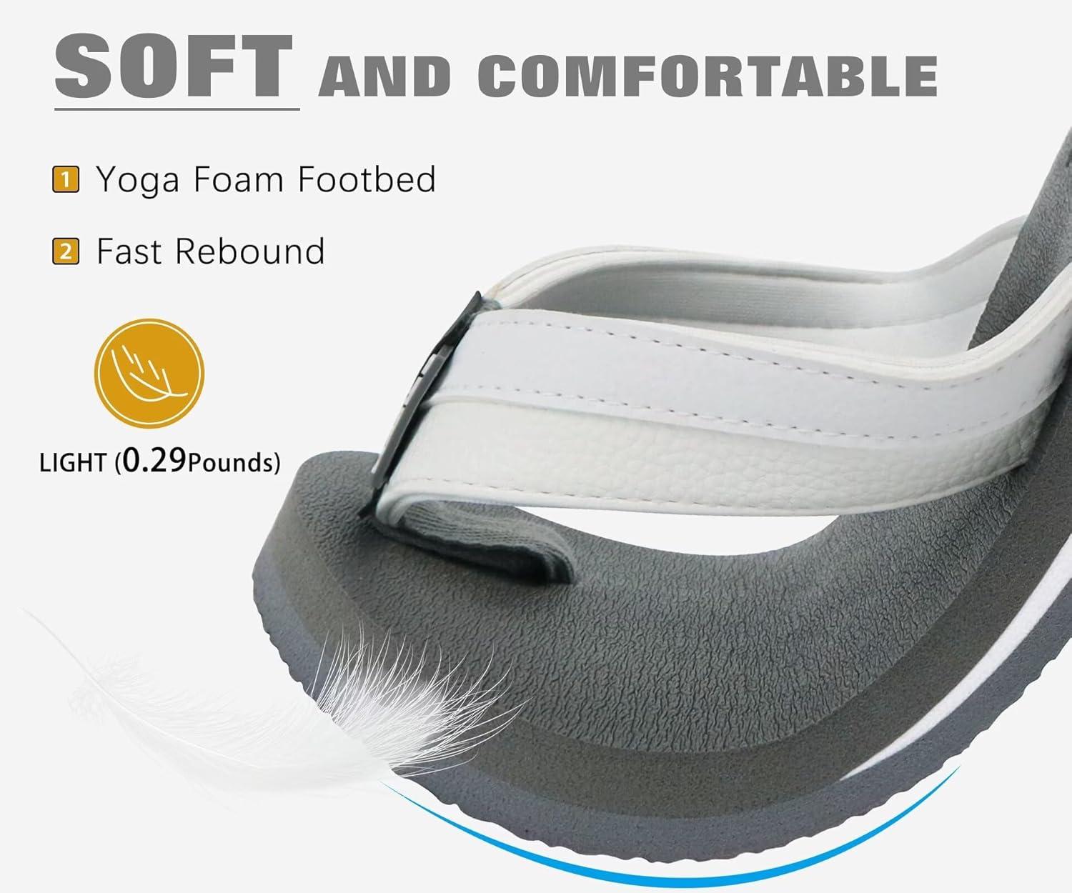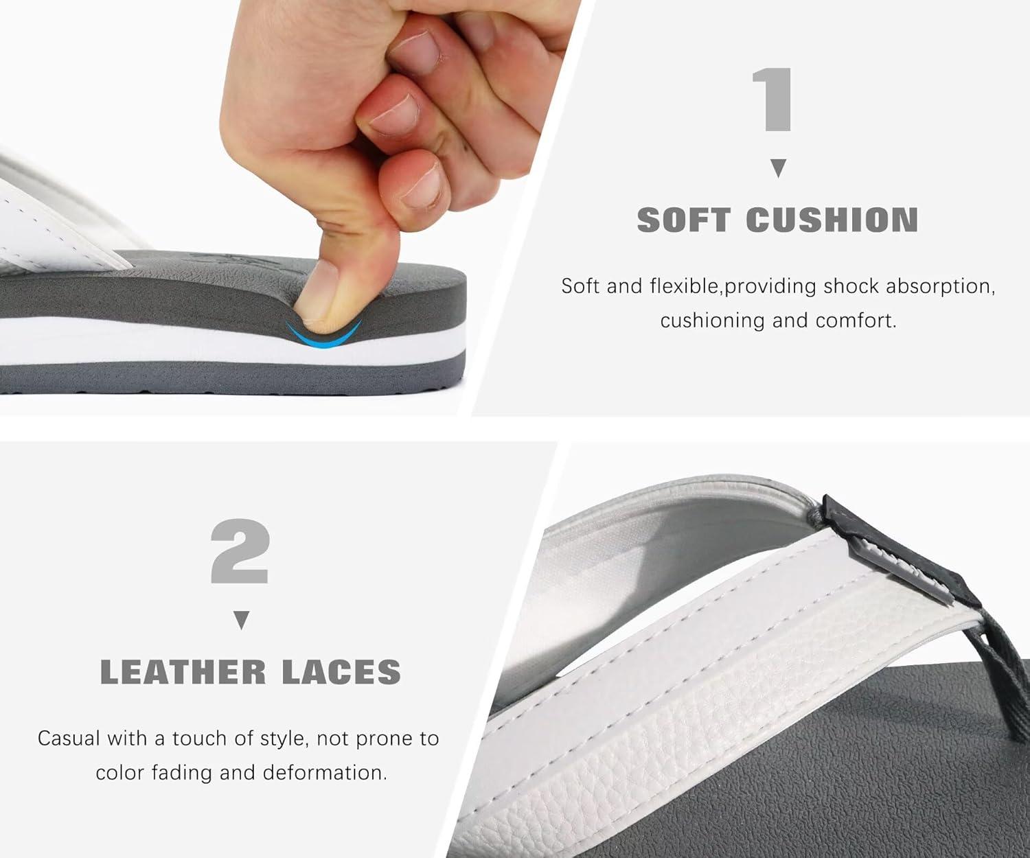 Get up to 70% off on KuaiLu Men’s Yoga Mat Leather Flip Flops with Arch Support Comfortable Cushion Walking Thong Sandals Slip On Indoor Outdoor(White Grey) styles during our end-of-season clearance event.
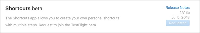 苹果在今天开放了 Shortcuts 应用的 TestFlight 测试资格,如果你想进行申请,需要有一个苹果开发者账号,然后到开发者网站的 下载页面 找到 Shortcuts beta 点击申请,并等待邀请邮件即可。
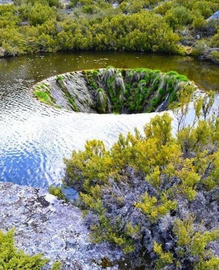 根据英国Express网站报道,葡萄牙埃什特雷拉山自然公园的一个湖上,竟然出现一个“地球破洞”,湖面上有一个巨大缺口,湖水不断涌进去。
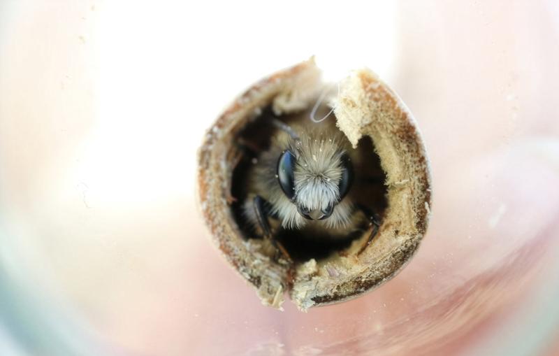 Eine rote Mauerbiene (Osmia bicornis) in ihrem Winterquartier, einem Schilfhalm. Sie ist frisch geschlüpft und schickt sich an, das Nest zu verlassen. Quelle: Cristina Ganuza
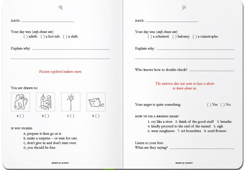 The Simple Journal aims to overcome those woes by giving you a simple question to choose a word to describe your day, space to write a sentence about why it was so, and a few other random musings, questions, and thought spaces. Sometimes the book can be a little bit rooted in the abstract, but its aim is to both make you reflect and make you smile.
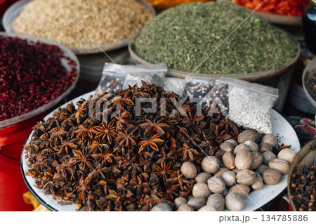 A vibrant and aromatic display of various spices, including star anise, nutmeg, and colorful ground herbs, arranged in large bowls and small bags. This image showcases the rich culinary traditions of
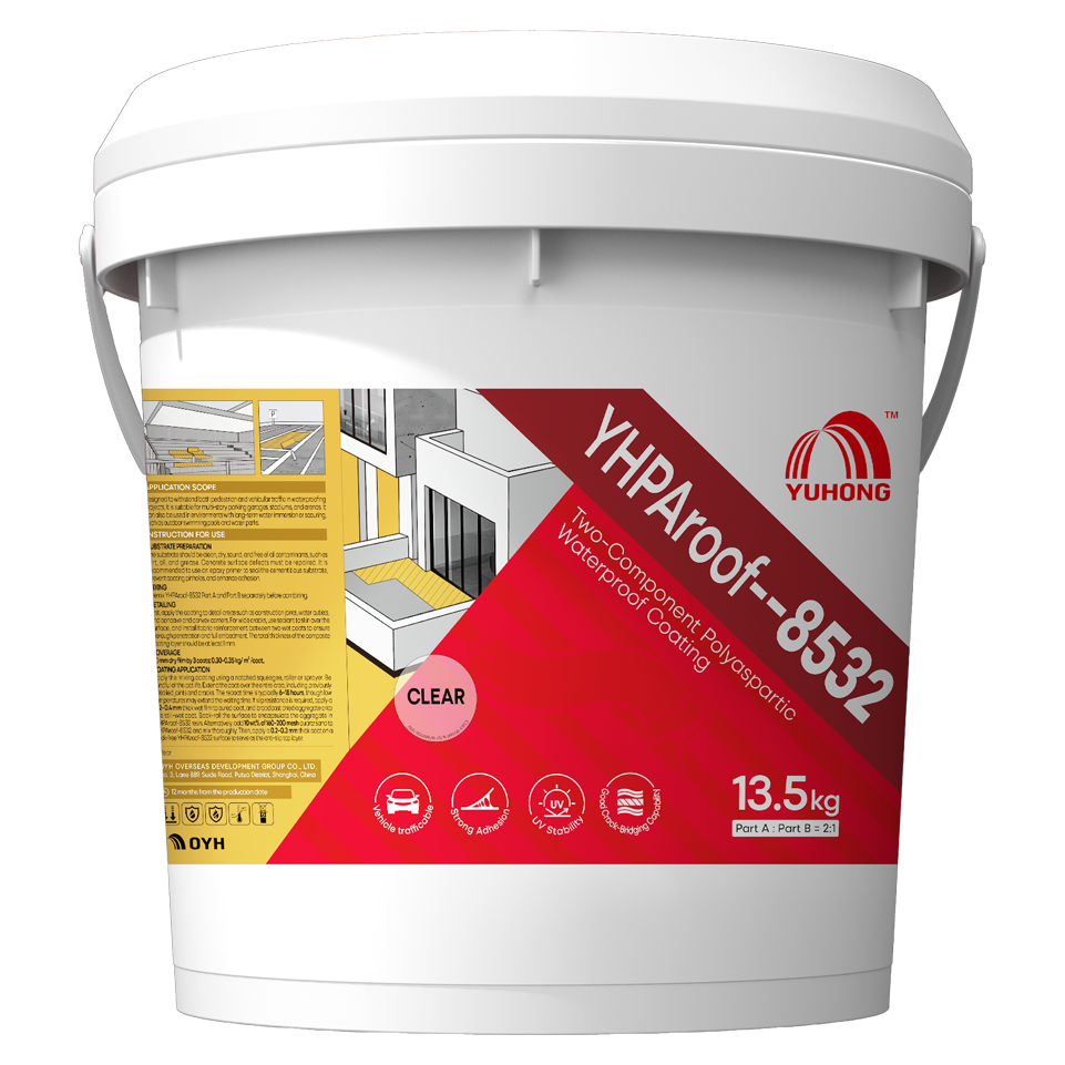 YHPAroof-8532 is a two-component, chemically cured, low-VOC, aliphatic polyaspartic polyurea waterproofing membrane designed for use as a pedestrian and vehicular traffic-bearing top coat. It can be applied alone or as a top layer over a high-performance aromatic polyurethane base coat, such as YHPUcoat-8200/8400.
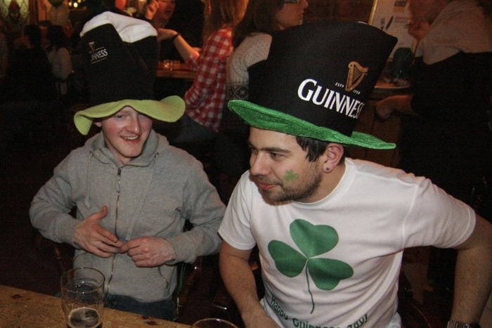 У нас с друзьями есть традиция, каждый год мы… ходим в какой нибудь паб праздновать День Святого Патрика, самый веселый праздник в году, когда мы напиваемся Гиннеса и танцуем под волынки. Каждый год, мы брали Ирландский флаг, смешные шляпы и бронировали какой нибудь нормальный Паб в центре Питера.
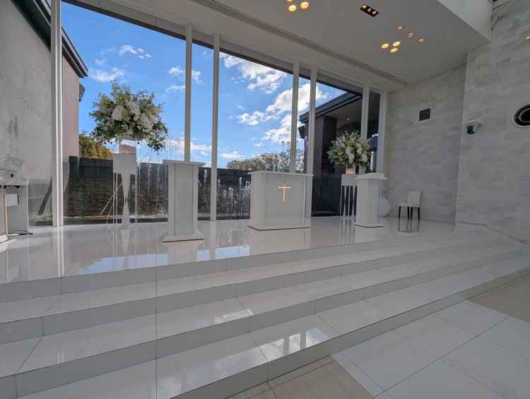 挙式会場から綺麗に青空が見えて、非常に綺麗でした。ただ、個人的に披露宴会場の照明等が少し古臭さを感じました。
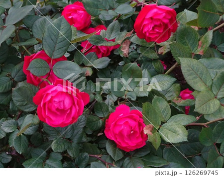 秋の美しい景色 カラフルに咲いた満開の秋バラ
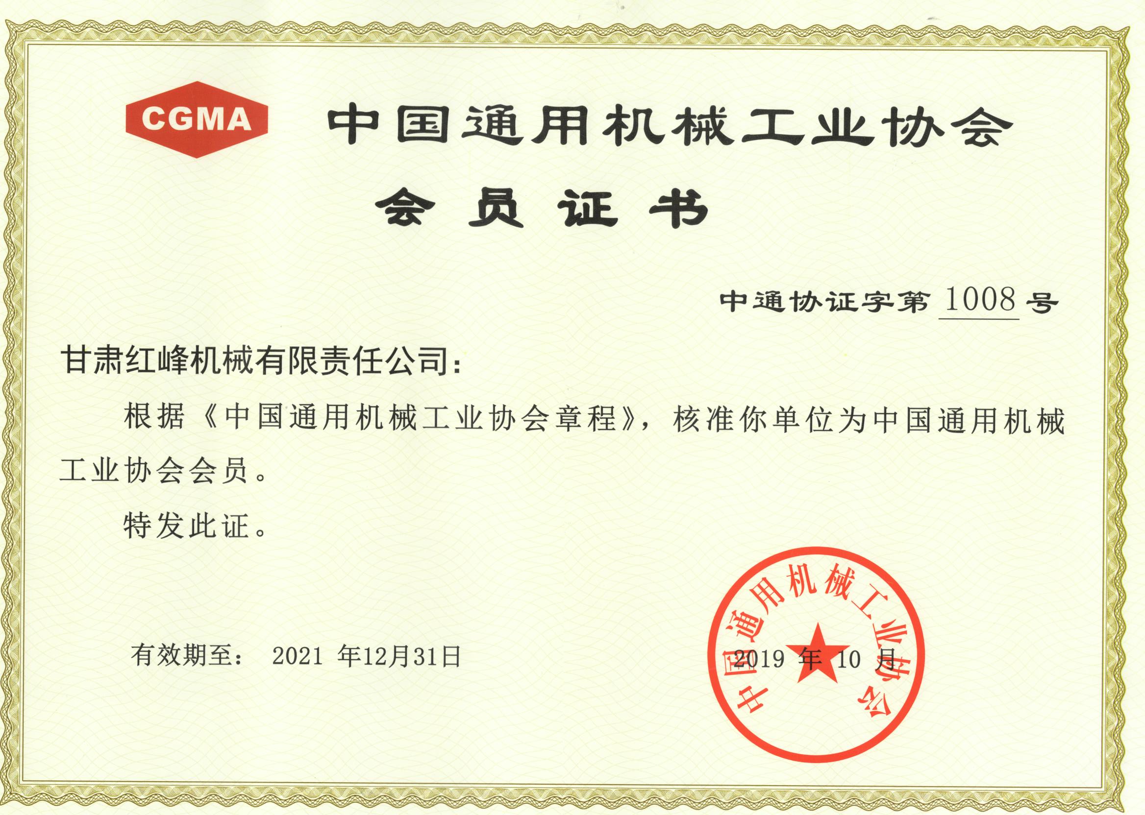 2019年中國通用機械工業協會會員證
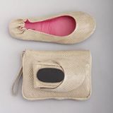 Foldable ballet flats that fit in your purse! Matching expandable tote bag for those 'killer' heels
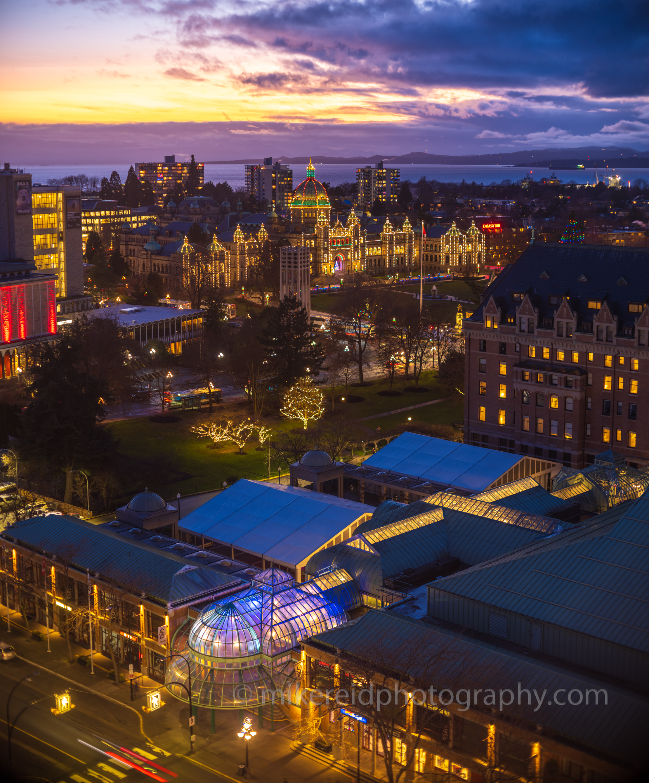 Victoria BC Victoria Parliament and Empress Sunset.jpg
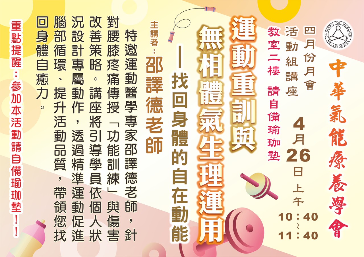 - 115/4/26(日)四月份月會:運動重訓與無相體氣生理運用
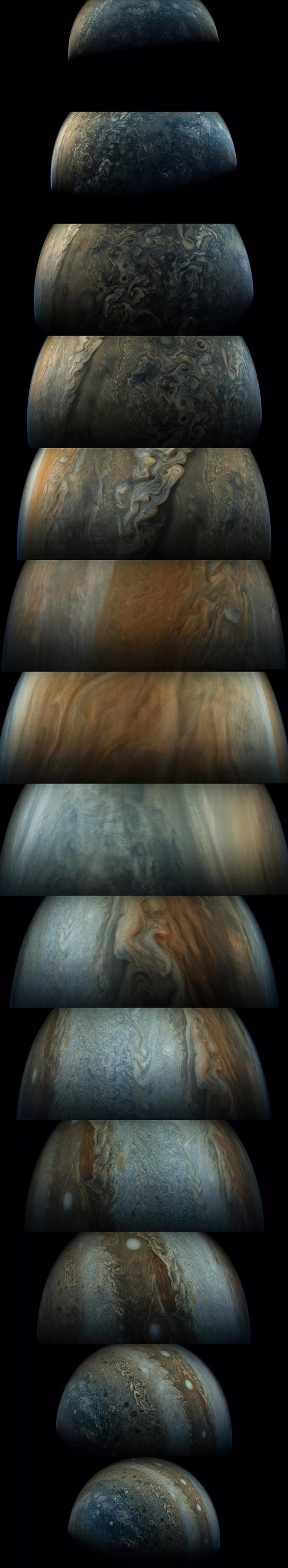 En orbite autour de Jupiter depuis l’été 2016, la sonde spatiale de la NASA, Juno, vient de nous livrer une nouvelle série de photographies de la plus grosse planète du système solaire. Alors que la mission de Juno touche à sa fin (il est prévu qu’elle soit consumée par l’atmosphère de la planète en juillet prochain), elle nous offre des clichés aux couleurs vives qui pourraient être des panaches de soufre et de gaz contenant du phosphore provenant de la zone la plus chaude de la planète. A découvrir en images dans la suite de l’article :
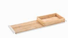 Das Leistenboard bietet die Möglichkeit, Stahlablagen in zwei Größen beliebig zu platzieren, wodurch zusätzliche Flächen entstehen. Diese Ablagen können auch an den Seitenteilen eingehängt werden. Die kleinere eignet sich für Miniaturen, Gläser mit Konfitüre oder Cerealienspender, während die größere Ablage zusätzlich mit einer Box oder einem passenden Glastablett bestückt werden kann.
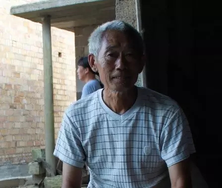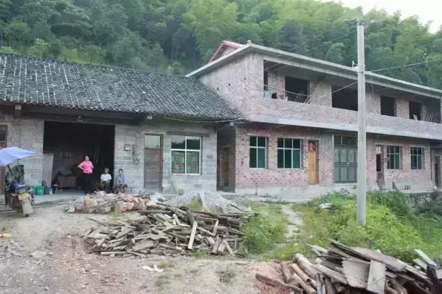 去他家的时候,他没在家,他老婆看到我们来,急忙拿了几个碗,给我们倒水。他家的房子和隔壁两个房子是一墙之隔,右边的房子是红砖的二层小楼墙,很大气,房顶上装有卫星接收器。门口一群鸡在散步,为首的大公鸡长着漂亮的毛,黑绿色的尾巴发亮,骄傲地一直在打鸣。左边正在建房,也是二层的房子,门口堆的沙石一直到吴应岳家。吴应岳家的单间平房夹在两个房子中间,显得有些另类。支书介绍说他家前年参与了政府的危房改造,重新帮他修葺了房屋。
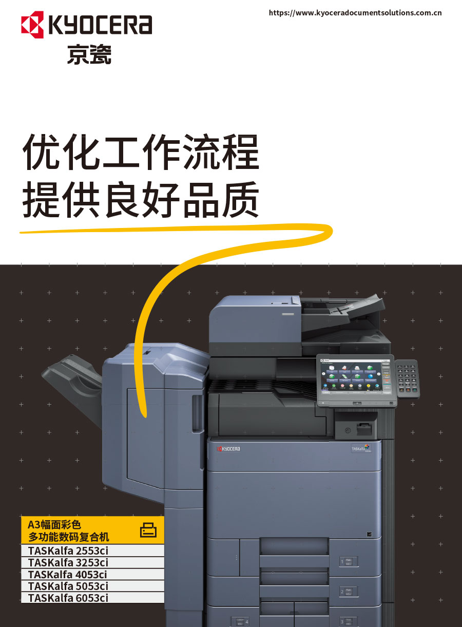 京瓷株式會社由稻盛和夫先生創(chuàng)辦于1959年。“敬天愛人”社訓(xùn)貫徹集團各分公司運營中。京瓷辦公信息系統(tǒng)(中國)有限公司主要負(fù)責(zé)彩色和黑白數(shù)碼復(fù)合機、彩色和黑白數(shù)碼激光打印機、生產(chǎn)型彩色噴墨數(shù)碼印刷系統(tǒng)、辦公解決方案等系列辦公自動化設(shè)備的銷售。京瓷產(chǎn)品憑借其更低的后期總體使用成本,可靠的長壽命感光鼓,獲得眾多政府、企業(yè)的青睞,在中國的市場占有率逐年穩(wěn)步提升。

┄┄┄┄┄┄┄┄┄┄

## Work request
Above are records with pictures. Reproduce exactly only the lines from the line with "秋の美しい景色 カラフルに咲いた満開の秋バラ" through the line with "- 115/4/26(日)四月份月會:運動重訓與無相體氣生理運用", both ends included, and leave the pictures out.

## Result of this exercise
 秋の美しい景色 カラフルに咲いた満開の秋バラ
 2019年中國通用機械工業協會會員證
 Foldable ballet flats that fit in your purse! Matching expandable tote bag for those 'killer' heels
 Victoria BC Victoria Parliament and Empress Sunset.jpg
 - 115/4/26(日)四月份月會:運動重訓與無相體氣生理運用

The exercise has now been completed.